The Commission also will evaluate neutral policies or practices that may have a disparate impact on individuals who are pregnant or perceived to be pregnant. It likely will scrutinize light duty policies (i.e., policies that permit workers to be moved to “light duty” for on-the-job injuries only), which the Commission view as having a disparate impact on pregnant employers unless the employer can demonstrate the policy bears “a significant relationship to a significant business objective of the covered entity or does not contribute to the disparate impact.”
The Guidance indicates that requesting a reasonable accommodation and engaging in the cooperative dialogue are both protected activities, and therefore any adverse employment action based on such activity constitutes retaliation under the NYCHRL.
5. Failure to Provide Notice Regarding Pregnancy Protections
Reiterating existing requirements, the Guidance states that failure to provide all employees with written notice of their right to be free from discrimination in relation to pregnancy, childbirth, and related medical conditions (by using the Commission’s “Pregnancy and Employment Rights” poster or some other means of notice) constitutes a violation of the NYCHRL. An employer also may post the notice in their place business in an area accessible to all employees.
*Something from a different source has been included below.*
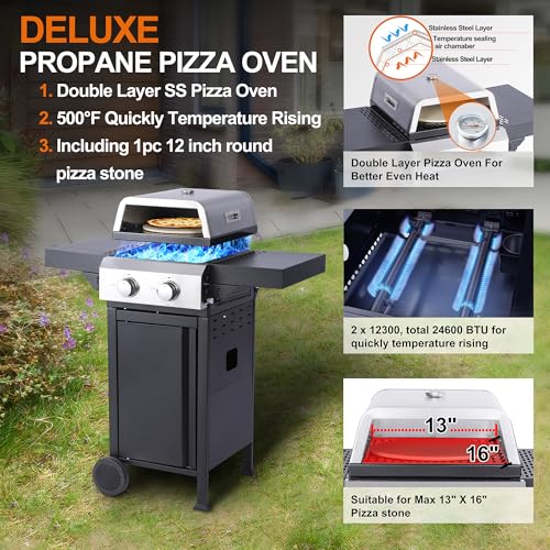Efficient Cooking Performance: Double burners deliver a total of 24,600 BTU for even heat distribution and precise temperature control. The push-and-turn automatic ignition system ensures easy and quick startups.

The Guidance concludes with “best practice” suggestions for employers.
First, employers should maintain and distribute (to all employees) a written policy informing employees about the cooperative dialogue process that includes information on how to request an accommodation and explains what a cooperative dialogue looks like.
Second, when an employee notifies the employer of a pregnancy, the employee should be given a copy of the policy and be reminded of the availability of accommodations.
Third, consistent with the guidance on the City’s Stop Credit in Employment Act and others, employers also should maintain a detailed log that documents all efforts to initiate, engage in, and conclude the cooperative dialogue with an employee.